<<<<
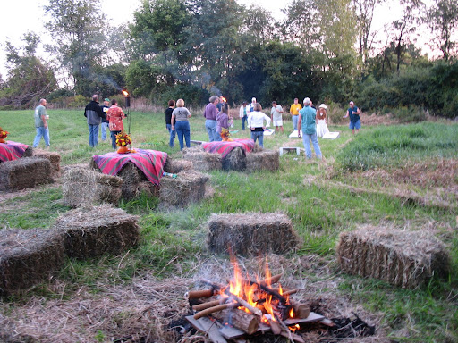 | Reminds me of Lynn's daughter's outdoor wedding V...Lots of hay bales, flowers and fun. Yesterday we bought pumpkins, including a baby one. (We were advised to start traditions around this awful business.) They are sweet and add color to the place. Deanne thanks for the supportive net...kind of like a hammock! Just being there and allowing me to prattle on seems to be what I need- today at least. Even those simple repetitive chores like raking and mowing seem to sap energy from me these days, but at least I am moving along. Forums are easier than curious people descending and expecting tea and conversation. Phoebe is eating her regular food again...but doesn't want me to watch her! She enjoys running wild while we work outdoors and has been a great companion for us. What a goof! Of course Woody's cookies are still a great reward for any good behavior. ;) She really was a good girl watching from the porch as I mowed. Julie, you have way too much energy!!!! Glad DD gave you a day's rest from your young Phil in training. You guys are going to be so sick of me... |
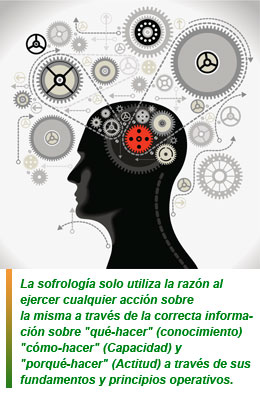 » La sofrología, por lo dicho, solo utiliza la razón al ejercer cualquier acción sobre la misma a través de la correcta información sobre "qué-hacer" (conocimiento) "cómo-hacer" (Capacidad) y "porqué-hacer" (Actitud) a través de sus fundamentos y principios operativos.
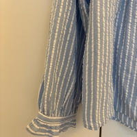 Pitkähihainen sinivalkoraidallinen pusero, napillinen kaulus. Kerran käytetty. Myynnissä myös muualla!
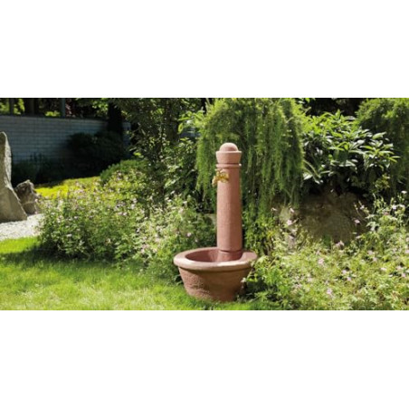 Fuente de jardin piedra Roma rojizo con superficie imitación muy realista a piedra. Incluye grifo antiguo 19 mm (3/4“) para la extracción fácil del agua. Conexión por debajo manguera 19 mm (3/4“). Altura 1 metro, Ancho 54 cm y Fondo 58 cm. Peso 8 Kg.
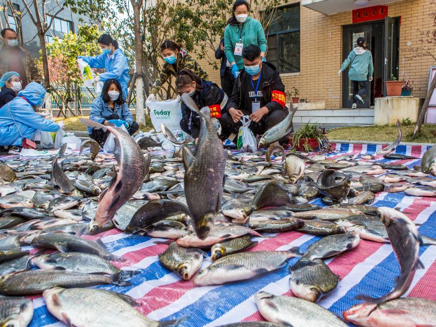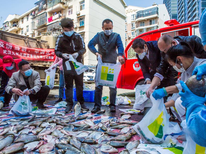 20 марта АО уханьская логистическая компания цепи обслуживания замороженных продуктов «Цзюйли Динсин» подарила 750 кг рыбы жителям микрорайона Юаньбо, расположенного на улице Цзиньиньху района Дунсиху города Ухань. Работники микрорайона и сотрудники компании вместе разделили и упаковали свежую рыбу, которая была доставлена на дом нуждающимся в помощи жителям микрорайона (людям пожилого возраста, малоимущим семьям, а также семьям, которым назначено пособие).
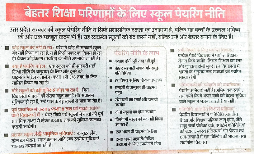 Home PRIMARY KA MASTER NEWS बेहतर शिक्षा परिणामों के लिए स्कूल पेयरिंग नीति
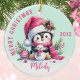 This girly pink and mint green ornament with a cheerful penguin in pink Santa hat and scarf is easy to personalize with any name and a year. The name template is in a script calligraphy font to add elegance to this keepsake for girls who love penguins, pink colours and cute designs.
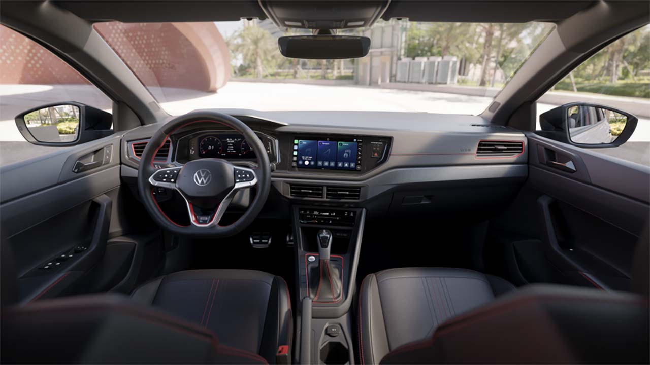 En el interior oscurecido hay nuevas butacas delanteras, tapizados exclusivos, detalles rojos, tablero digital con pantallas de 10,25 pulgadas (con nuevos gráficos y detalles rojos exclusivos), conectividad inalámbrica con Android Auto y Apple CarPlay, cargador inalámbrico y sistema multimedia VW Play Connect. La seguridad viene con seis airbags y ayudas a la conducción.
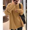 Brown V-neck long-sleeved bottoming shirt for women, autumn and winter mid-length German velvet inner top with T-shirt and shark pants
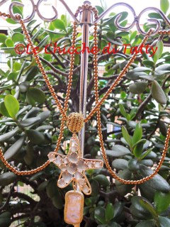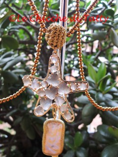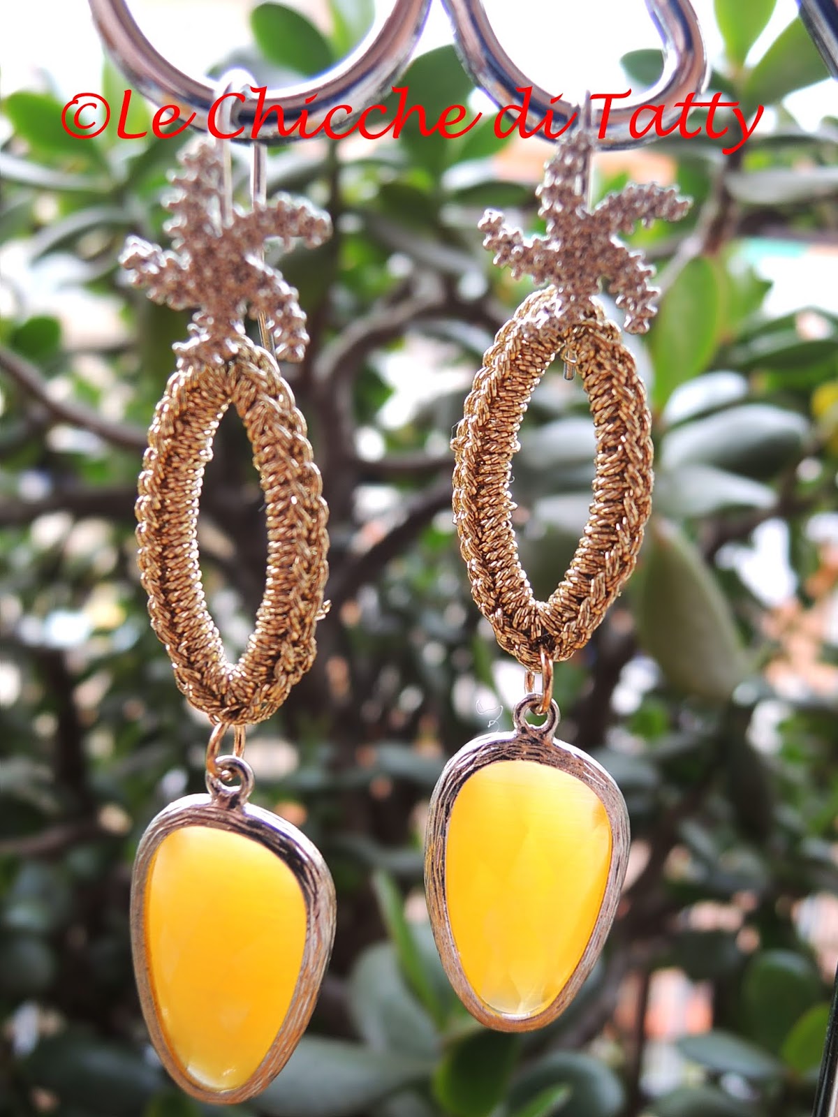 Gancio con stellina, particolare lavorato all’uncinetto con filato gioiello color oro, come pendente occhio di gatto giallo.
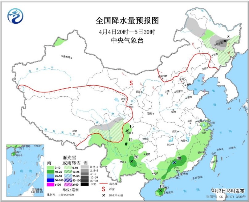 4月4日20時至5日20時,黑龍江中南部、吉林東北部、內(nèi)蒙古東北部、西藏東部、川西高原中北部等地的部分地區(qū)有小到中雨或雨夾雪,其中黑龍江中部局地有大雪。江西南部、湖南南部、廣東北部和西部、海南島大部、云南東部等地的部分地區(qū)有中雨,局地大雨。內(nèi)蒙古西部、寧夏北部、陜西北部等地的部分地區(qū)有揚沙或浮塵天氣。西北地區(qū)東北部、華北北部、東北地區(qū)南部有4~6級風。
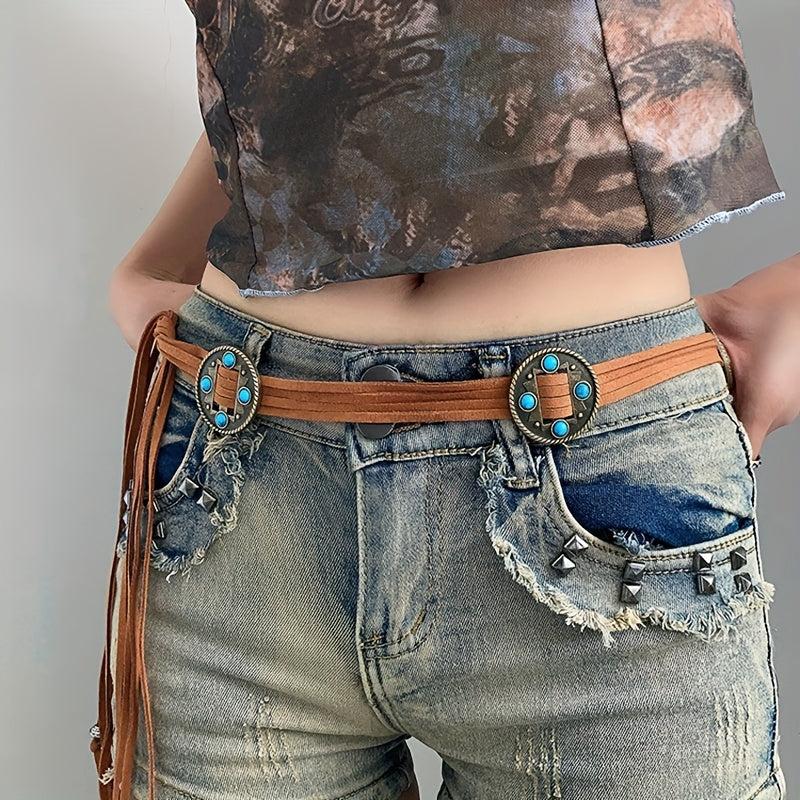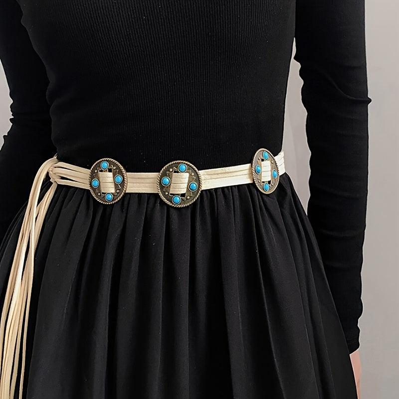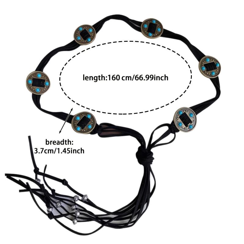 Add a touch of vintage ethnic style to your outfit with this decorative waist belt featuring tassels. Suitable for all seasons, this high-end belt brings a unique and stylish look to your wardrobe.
>>>>
> _Requirement_
Leave the images out and print each entry exactly.

> _Problem solution_
 | Reminds me of Lynn's daughter's outdoor wedding V...Lots of hay bales, flowers and fun. Yesterday we bought pumpkins, including a baby one. (We were advised to start traditions around this awful business.) They are sweet and add color to the place. Deanne thanks for the supportive net...kind of like a hammock! Just being there and allowing me to prattle on seems to be what I need- today at least. Even those simple repetitive chores like raking and mowing seem to sap energy from me these days, but at least I am moving along. Forums are easier than curious people descending and expecting tea and conversation. Phoebe is eating her regular food again...but doesn't want me to watch her! She enjoys running wild while we work outdoors and has been a great companion for us. What a goof! Of course Woody's cookies are still a great reward for any good behavior. ;) She really was a good girl watching from the porch as I mowed. Julie, you have way too much energy!!!! Glad DD gave you a day's rest from your young Phil in training. You guys are going to be so sick of me... |
 » La sofrología, por lo dicho, solo utiliza la razón al ejercer cualquier acción sobre la misma a través de la correcta información sobre "qué-hacer" (conocimiento) "cómo-hacer" (Capacidad) y "porqué-hacer" (Actitud) a través de sus fundamentos y principios operativos.
 Pitkähihainen sinivalkoraidallinen pusero, napillinen kaulus. Kerran käytetty. Myynnissä myös muualla!
 Fuente de jardin piedra Roma rojizo con superficie imitación muy realista a piedra. Incluye grifo antiguo 19 mm (3/4“) para la extracción fácil del agua. Conexión por debajo manguera 19 mm (3/4“). Altura 1 metro, Ancho 54 cm y Fondo 58 cm. Peso 8 Kg.
 20 марта АО уханьская логистическая компания цепи обслуживания замороженных продуктов «Цзюйли Динсин» подарила 750 кг рыбы жителям микрорайона Юаньбо, расположенного на улице Цзиньиньху района Дунсиху города Ухань. Работники микрорайона и сотрудники компании вместе разделили и упаковали свежую рыбу, которая была доставлена на дом нуждающимся в помощи жителям микрорайона (людям пожилого возраста, малоимущим семьям, а также семьям, которым назначено пособие).
 Home PRIMARY KA MASTER NEWS बेहतर शिक्षा परिणामों के लिए स्कूल पेयरिंग नीति
 This girly pink and mint green ornament with a cheerful penguin in pink Santa hat and scarf is easy to personalize with any name and a year. The name template is in a script calligraphy font to add elegance to this keepsake for girls who love penguins, pink colours and cute designs.
 En el interior oscurecido hay nuevas butacas delanteras, tapizados exclusivos, detalles rojos, tablero digital con pantallas de 10,25 pulgadas (con nuevos gráficos y detalles rojos exclusivos), conectividad inalámbrica con Android Auto y Apple CarPlay, cargador inalámbrico y sistema multimedia VW Play Connect. La seguridad viene con seis airbags y ayudas a la conducción.
 Brown V-neck long-sleeved bottoming shirt for women, autumn and winter mid-length German velvet inner top with T-shirt and shark pants
 Gancio con stellina, particolare lavorato all’uncinetto con filato gioiello color oro, come pendente occhio di gatto giallo.
 4月4日20時至5日20時,黑龍江中南部、吉林東北部、內(nèi)蒙古東北部、西藏東部、川西高原中北部等地的部分地區(qū)有小到中雨或雨夾雪,其中黑龍江中部局地有大雪。江西南部、湖南南部、廣東北部和西部、海南島大部、云南東部等地的部分地區(qū)有中雨,局地大雨。內(nèi)蒙古西部、寧夏北部、陜西北部等地的部分地區(qū)有揚沙或浮塵天氣。西北地區(qū)東北部、華北北部、東北地區(qū)南部有4~6級風。
 Add a touch of vintage ethnic style to your outfit with this decorative waist belt featuring tassels. Suitable for all seasons, this high-end belt brings a unique and stylish look to your wardrobe.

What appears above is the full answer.